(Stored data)
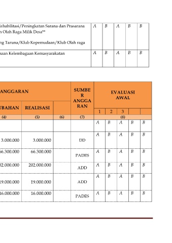 3. Bidang Kepemudaan dan Olah a. Pembangunan/Rehabilitasi/Peningkatan Sarana dan Prasarana A B A B B
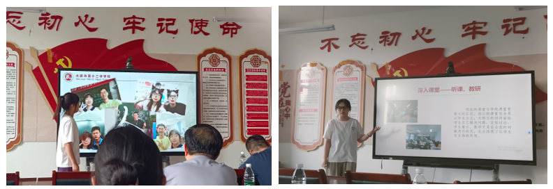 在太原市第十二中学实习的樊研博、吕天钰同学分享了她们在实习学校的教学工作、班级管理工作、志愿服务以及感悟收获。中学实习期间她们参与了学校的劳动教育活动、趣味运动会活动、歌唱比赛以及担任了各种考试的志愿者。她们不仅掌握了很多学习技巧,增强了实践能力,还结交了很多志同道合的好朋友。通过实习,她们更加坚定了自己的理想信念:成为一名优秀的老师。
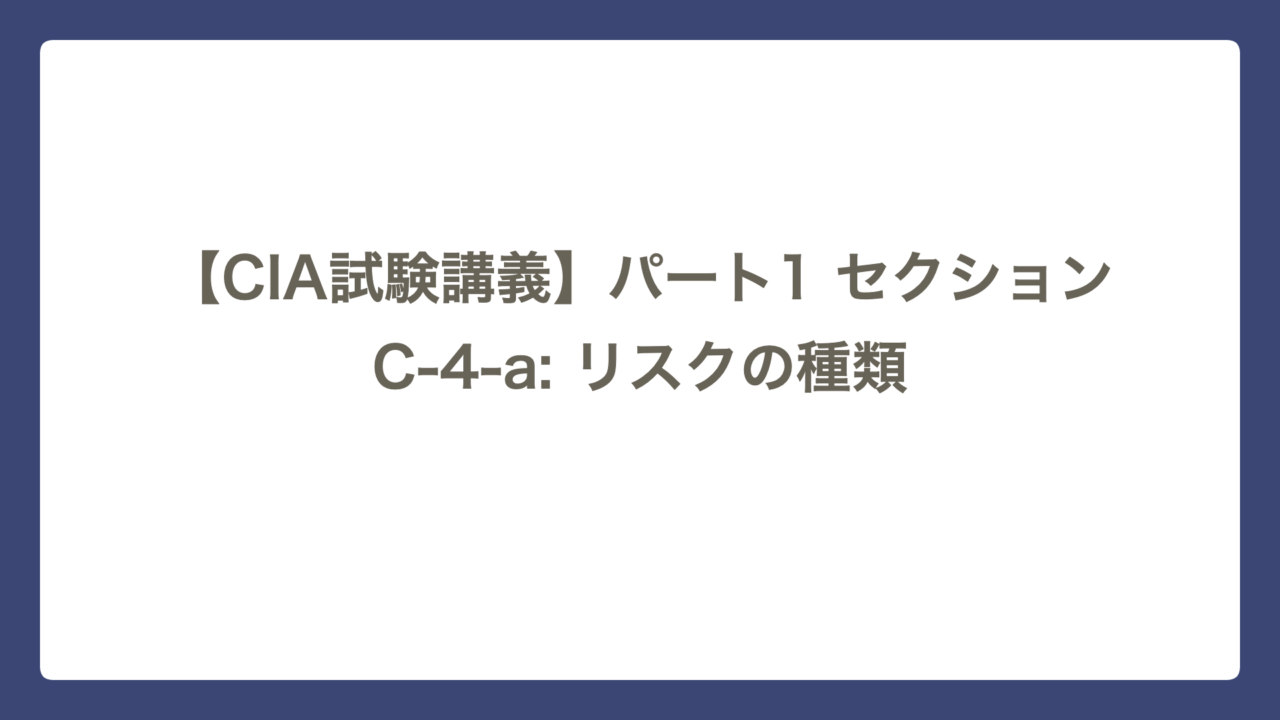 【CIA試験講義】パート1 セクションC-4-a: リスクの種類
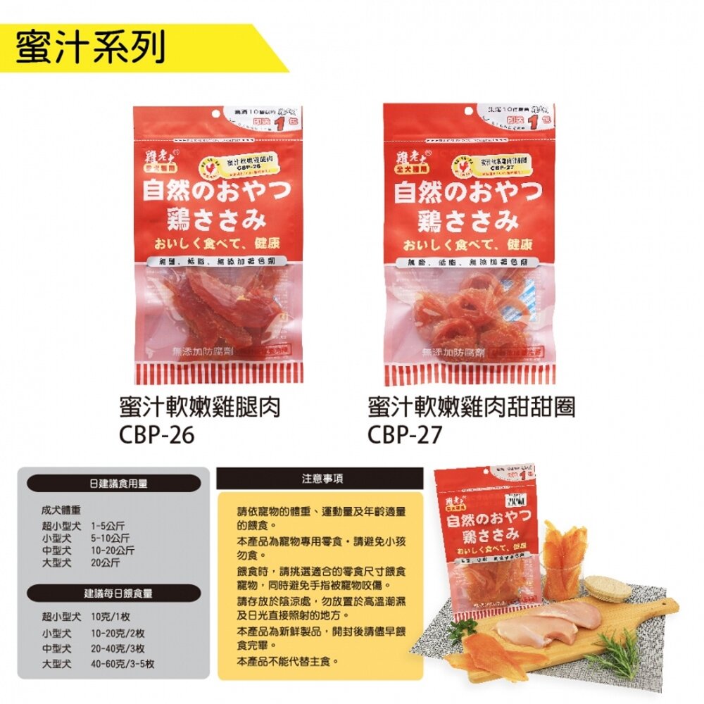 規格:CBP03照燒雞腿肉120g, CBP04燻香薄切雞胸肉120g, CBP07照燒黃金腿肉絲130g, CBP11耐咬雞柳條120g, CBP13爆毛雞肉圓片165g, CBP14膠原羊肉圓片165g, CBP15健腸牛肉圓片165g, CBP16芝麻方塊酥140g, CBP23軟嫩雞腿肉絲120g, CBP25軟嫩雞肉嚼片120g, CBP26蜜汁軟嫩雞腿肉115g, CBP28骰子牛140g, CBP29雞肉丁140g, CBP57羊肉丁130g, CBP31鱈魚雞肉三明治140g, CBP52起司香煎雞肉絲120g, 超值包 02燻香薄切雞胸肉片275g, 超值包 04照燒雞腿肉260g, 超值包 05照燒黃金腿肉絲275g, 超值包 09軟嫩雞腿肉絲280g, 超值包 11軟嫩雞胸肉嚼片270g, 超值包 12蜜汁軟嫩雞腿肉270g, 超值包 13骰子牛340g, 超值包 15雞肉丁(超值包) 340g
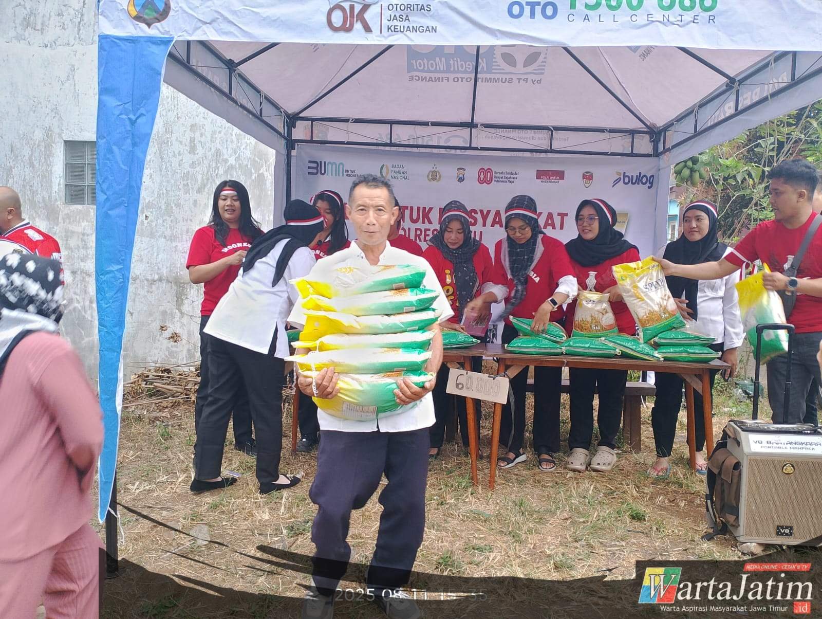KOTA BATU – Wartajatim.id || Menyambut HUT ke-80 Kemerdekaan Republik Indonesia, Polres Batu Polda Jawa Timur (Jatim) melalui Satreskrim menggelar Gerakan Pangan Murah di Kecamatan Junrejo, Kota Batu, Senin (11/8/2025).
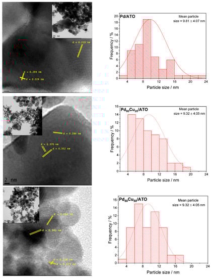 It is observable that the catalytic nanoparticles are agglomerated in some regions of the oxide-based support, and this type of morphology was also observed for other nanoparticles supported on metallic oxides, such as ATO and TiO2 [,,]. Additionally, the nanoparticles composed of Pd and Cu had a high degree of crystallinity. It is possible to observe planes with distances of 0.438, 0.312–0.340, and 0.220–0.250 nm, characteristic of nanoparticles of metallic alloys supported on ATO, similar to that reported by Qu et al. [].

◆ ASSIGNMENT ◆
With the pictures omitted, reproduce the records in full and exactly.

◆ RESPONSE TO THE TASK ◆
 3. Bidang Kepemudaan dan Olah a. Pembangunan/Rehabilitasi/Peningkatan Sarana dan Prasarana A B A B B
 在太原市第十二中学实习的樊研博、吕天钰同学分享了她们在实习学校的教学工作、班级管理工作、志愿服务以及感悟收获。中学实习期间她们参与了学校的劳动教育活动、趣味运动会活动、歌唱比赛以及担任了各种考试的志愿者。她们不仅掌握了很多学习技巧,增强了实践能力,还结交了很多志同道合的好朋友。通过实习,她们更加坚定了自己的理想信念:成为一名优秀的老师。
 【CIA試験講義】パート1 セクションC-4-a: リスクの種類
 規格:CBP03照燒雞腿肉120g, CBP04燻香薄切雞胸肉120g, CBP07照燒黃金腿肉絲130g, CBP11耐咬雞柳條120g, CBP13爆毛雞肉圓片165g, CBP14膠原羊肉圓片165g, CBP15健腸牛肉圓片165g, CBP16芝麻方塊酥140g, CBP23軟嫩雞腿肉絲120g, CBP25軟嫩雞肉嚼片120g, CBP26蜜汁軟嫩雞腿肉115g, CBP28骰子牛140g, CBP29雞肉丁140g, CBP57羊肉丁130g, CBP31鱈魚雞肉三明治140g, CBP52起司香煎雞肉絲120g, 超值包 02燻香薄切雞胸肉片275g, 超值包 04照燒雞腿肉260g, 超值包 05照燒黃金腿肉絲275g, 超值包 09軟嫩雞腿肉絲280g, 超值包 11軟嫩雞胸肉嚼片270g, 超值包 12蜜汁軟嫩雞腿肉270g, 超值包 13骰子牛340g, 超值包 15雞肉丁(超值包) 340g
KOTA BATU – Wartajatim.id || Menyambut HUT ke-80 Kemerdekaan Republik Indonesia, Polres Batu Polda Jawa Timur (Jatim) melalui Satreskrim menggelar Gerakan Pangan Murah di Kecamatan Junrejo, Kota Batu, Senin (11/8/2025).
 It is observable that the catalytic nanoparticles are agglomerated in some regions of the oxide-based support, and this type of morphology was also observed for other nanoparticles supported on metallic oxides, such as ATO and TiO2 [,,]. Additionally, the nanoparticles composed of Pd and Cu had a high degree of crystallinity. It is possible to observe planes with distances of 0.438, 0.312–0.340, and 0.220–0.250 nm, characteristic of nanoparticles of metallic alloys supported on ATO, similar to that reported by Qu et al. [].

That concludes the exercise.